═════ RECORDS FOR THIS TASK

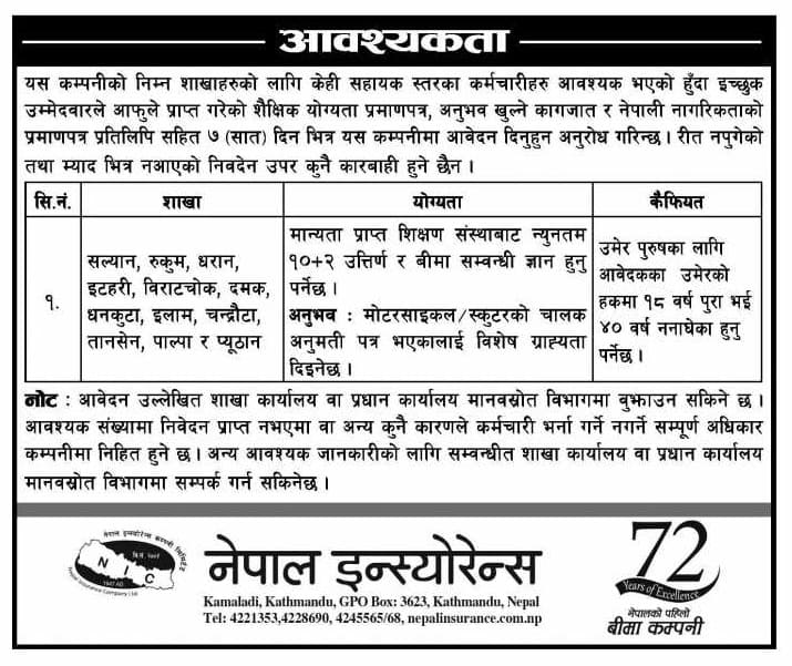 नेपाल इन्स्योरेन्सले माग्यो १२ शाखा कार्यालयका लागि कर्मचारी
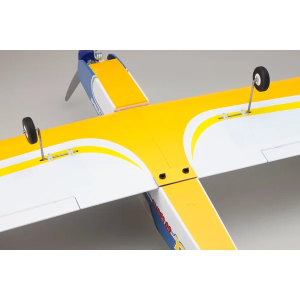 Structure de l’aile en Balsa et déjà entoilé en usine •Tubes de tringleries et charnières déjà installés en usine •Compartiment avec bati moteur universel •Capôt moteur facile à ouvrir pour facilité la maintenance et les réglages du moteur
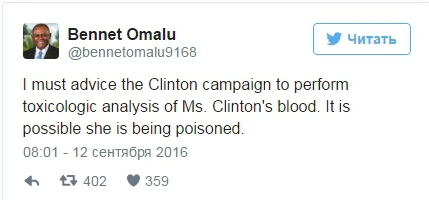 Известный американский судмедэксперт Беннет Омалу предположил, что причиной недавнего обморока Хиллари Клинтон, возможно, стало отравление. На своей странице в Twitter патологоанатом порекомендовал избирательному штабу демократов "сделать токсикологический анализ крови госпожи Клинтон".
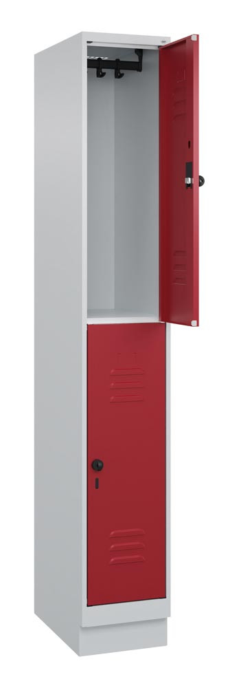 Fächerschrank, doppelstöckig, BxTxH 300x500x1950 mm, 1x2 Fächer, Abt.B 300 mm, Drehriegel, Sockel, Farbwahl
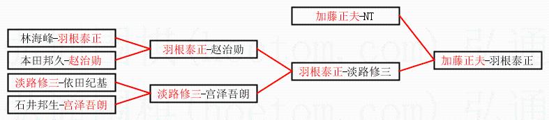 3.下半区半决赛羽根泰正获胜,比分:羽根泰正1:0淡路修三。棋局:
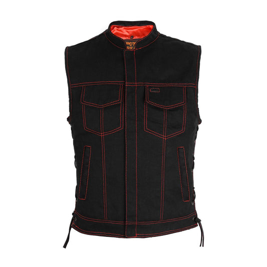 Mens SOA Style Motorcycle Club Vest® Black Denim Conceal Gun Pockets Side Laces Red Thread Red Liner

══════════
═════ RECORDS FOR THIS TASK

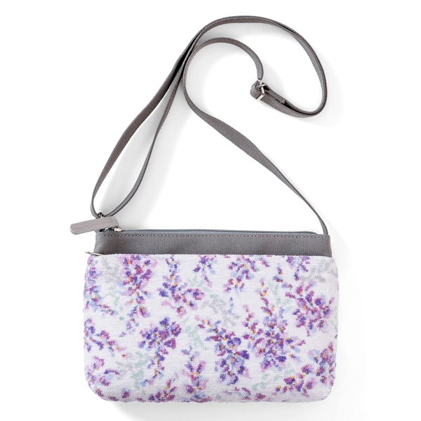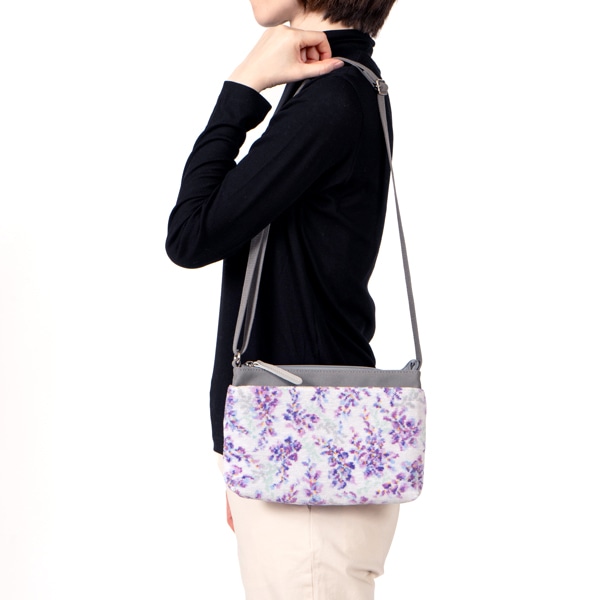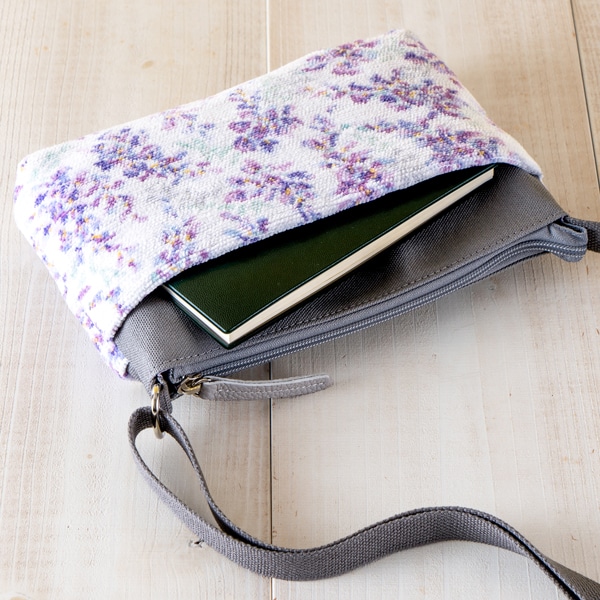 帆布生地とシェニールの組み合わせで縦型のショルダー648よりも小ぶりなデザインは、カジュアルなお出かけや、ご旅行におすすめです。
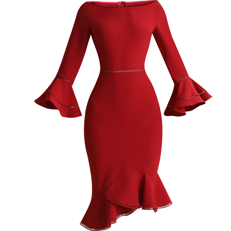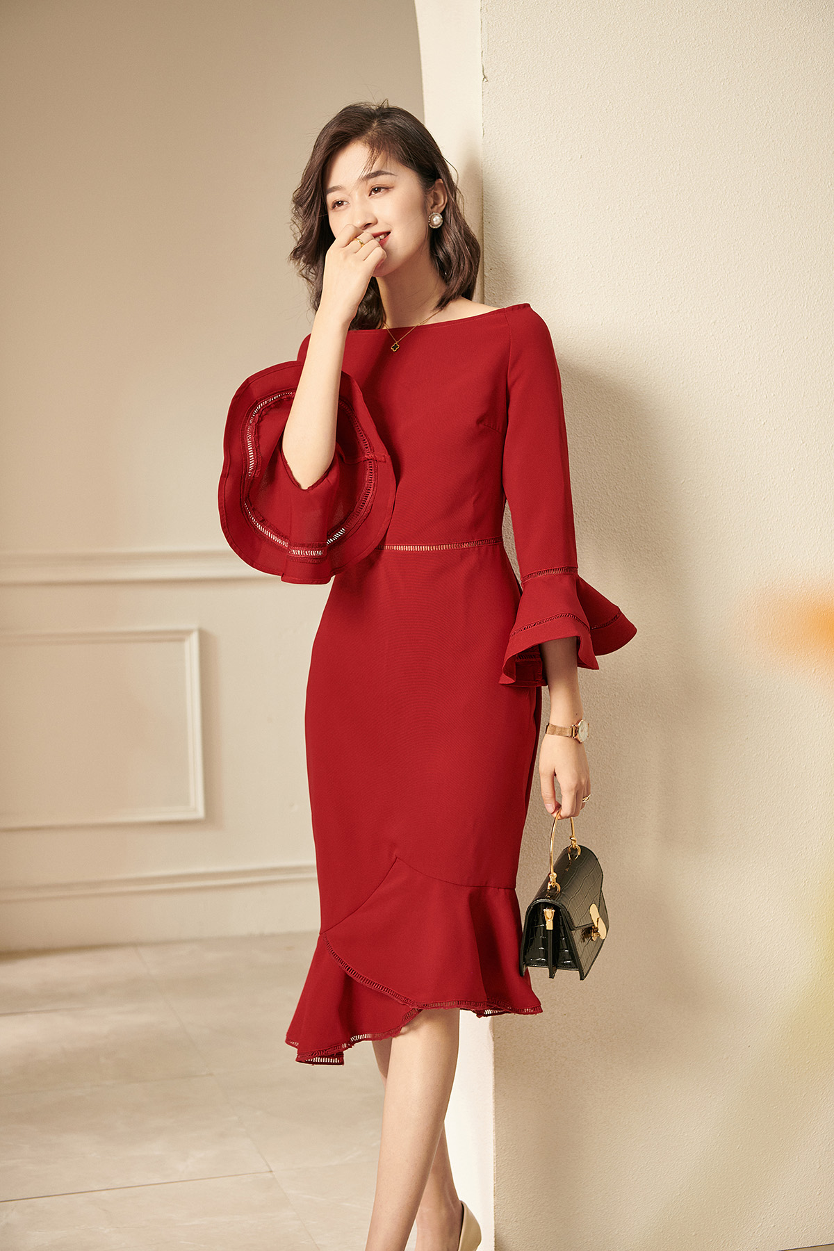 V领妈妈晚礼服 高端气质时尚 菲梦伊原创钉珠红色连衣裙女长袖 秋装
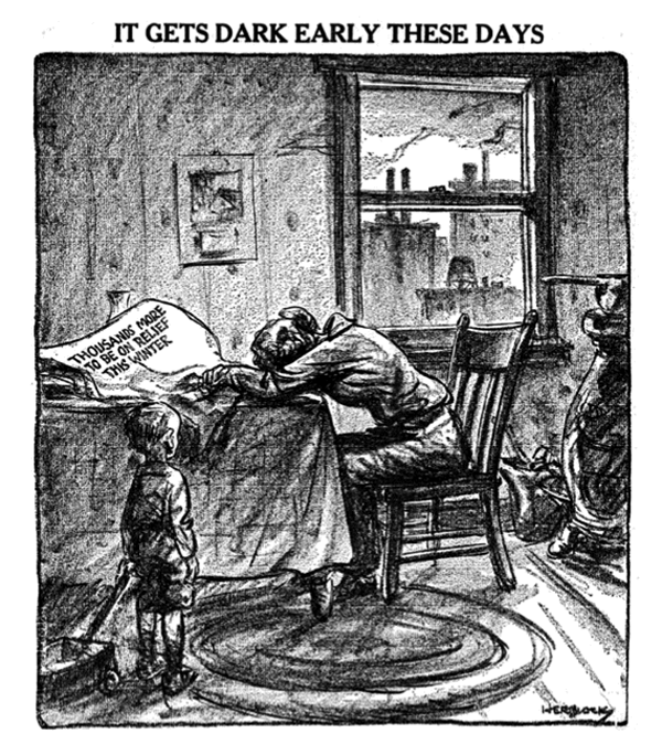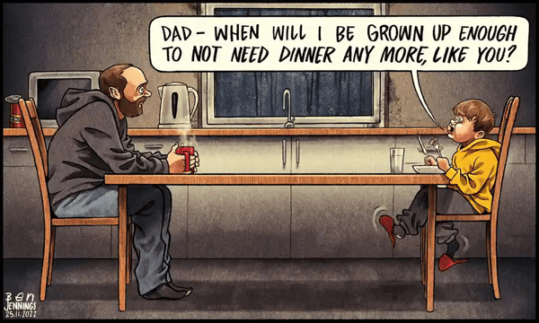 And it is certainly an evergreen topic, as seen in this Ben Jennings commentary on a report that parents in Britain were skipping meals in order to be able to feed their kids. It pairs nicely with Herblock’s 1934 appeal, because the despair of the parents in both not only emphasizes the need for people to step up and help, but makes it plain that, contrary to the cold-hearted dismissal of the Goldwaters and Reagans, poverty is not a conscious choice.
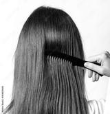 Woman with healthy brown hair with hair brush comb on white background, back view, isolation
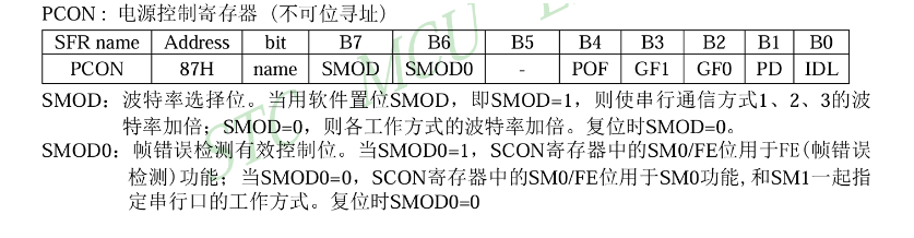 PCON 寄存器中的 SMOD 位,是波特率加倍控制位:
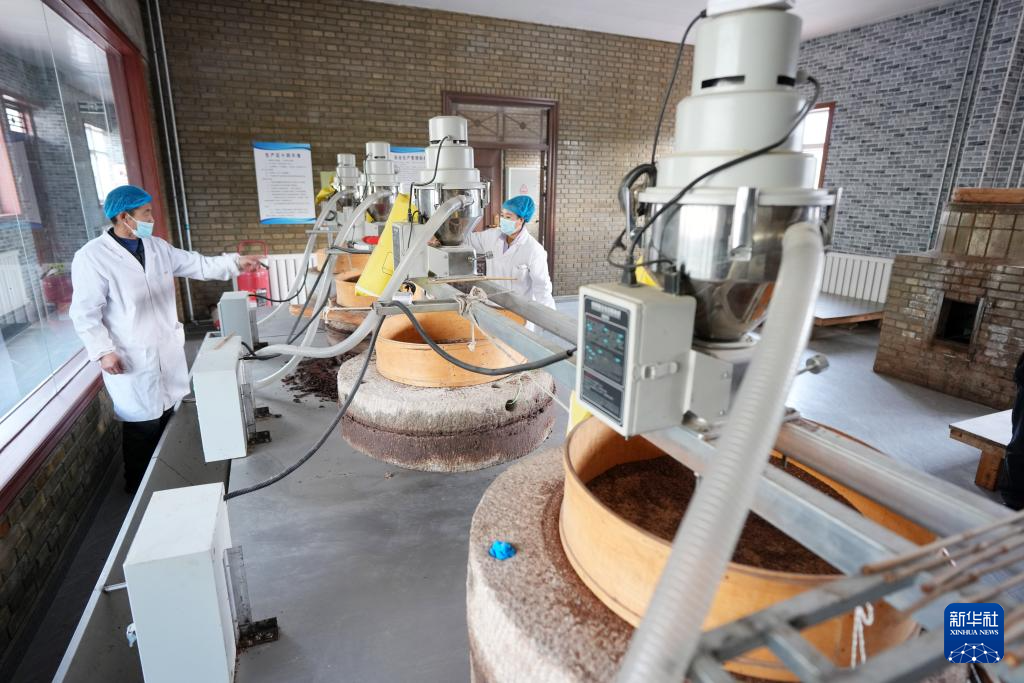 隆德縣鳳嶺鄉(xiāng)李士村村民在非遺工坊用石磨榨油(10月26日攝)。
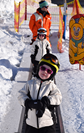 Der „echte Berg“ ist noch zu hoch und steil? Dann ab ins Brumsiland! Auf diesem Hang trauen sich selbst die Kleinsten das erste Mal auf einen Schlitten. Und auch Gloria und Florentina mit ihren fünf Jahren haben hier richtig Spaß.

══════════
═════ RECORDS FOR THIS TASK

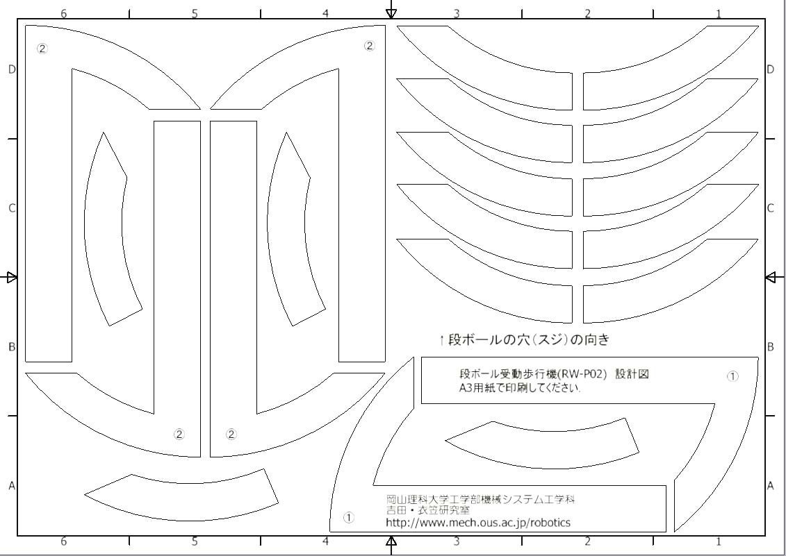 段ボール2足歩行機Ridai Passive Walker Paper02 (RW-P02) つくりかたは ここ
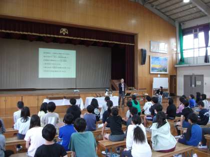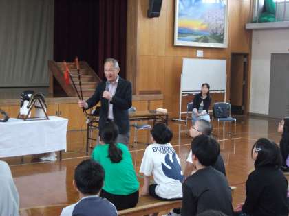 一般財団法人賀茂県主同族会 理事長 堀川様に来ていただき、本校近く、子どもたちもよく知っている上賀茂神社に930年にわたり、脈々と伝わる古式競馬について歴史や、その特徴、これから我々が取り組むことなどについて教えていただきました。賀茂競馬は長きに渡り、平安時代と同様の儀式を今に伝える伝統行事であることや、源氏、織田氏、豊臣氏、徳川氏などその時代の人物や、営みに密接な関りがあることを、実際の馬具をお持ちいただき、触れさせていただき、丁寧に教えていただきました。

══════════

■ **WORK TO BE COMPLETED**
Leaving each picture behind, please give again exactly the lines above from the one with "隆德縣鳳嶺鄉(xiāng)李士村村民在非遺工坊用石磨榨油(10月26日攝)。" through the one with "hier richtig Spaß.", both included, and no others.

■ **WRITTEN ANSWER**
 隆德縣鳳嶺鄉(xiāng)李士村村民在非遺工坊用石磨榨油(10月26日攝)。
 Der „echte Berg“ ist noch zu hoch und steil? Dann ab ins Brumsiland! Auf diesem Hang trauen sich selbst die Kleinsten das erste Mal auf einen Schlitten. Und auch Gloria und Florentina mit ihren fünf Jahren haben hier richtig Spaß.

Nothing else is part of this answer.